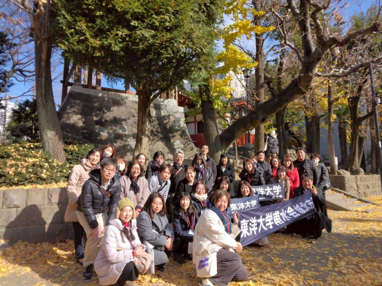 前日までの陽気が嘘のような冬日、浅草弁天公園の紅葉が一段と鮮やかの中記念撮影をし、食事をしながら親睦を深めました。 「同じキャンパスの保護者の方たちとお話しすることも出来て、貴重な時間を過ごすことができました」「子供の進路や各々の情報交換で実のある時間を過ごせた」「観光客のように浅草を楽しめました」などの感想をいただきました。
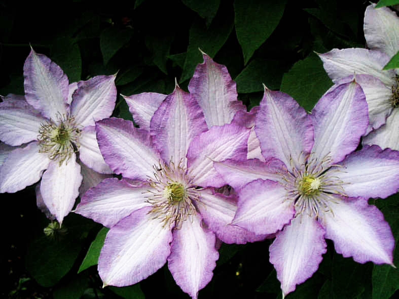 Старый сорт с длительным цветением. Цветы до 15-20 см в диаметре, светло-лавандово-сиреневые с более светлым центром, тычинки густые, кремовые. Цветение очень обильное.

· · · · ·

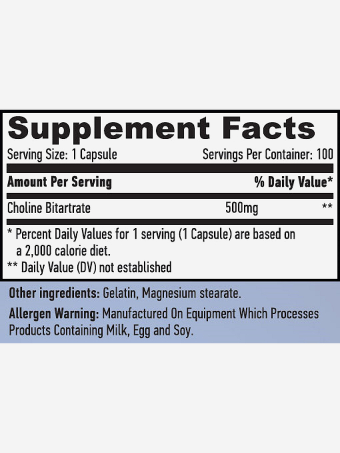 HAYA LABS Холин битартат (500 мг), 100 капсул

· · · · ·

### ACTION ITEM
Among the entries above, take the line with "前日までの陽気が嘘のような冬", the line with "Старый сорт с", and all the lines between them, and restate them word for word without pictures.

### WRITTEN SOLUTION
 前日までの陽気が嘘のような冬日、浅草弁天公園の紅葉が一段と鮮やかの中記念撮影をし、食事をしながら親睦を深めました。 「同じキャンパスの保護者の方たちとお話しすることも出来て、貴重な時間を過ごすことができました」「子供の進路や各々の情報交換で実のある時間を過ごせた」「観光客のように浅草を楽しめました」などの感想をいただきました。
 Старый сорт с длительным цветением. Цветы до 15-20 см в диаметре, светло-лавандово-сиреневые с более светлым центром, тычинки густые, кремовые. Цветение очень обильное.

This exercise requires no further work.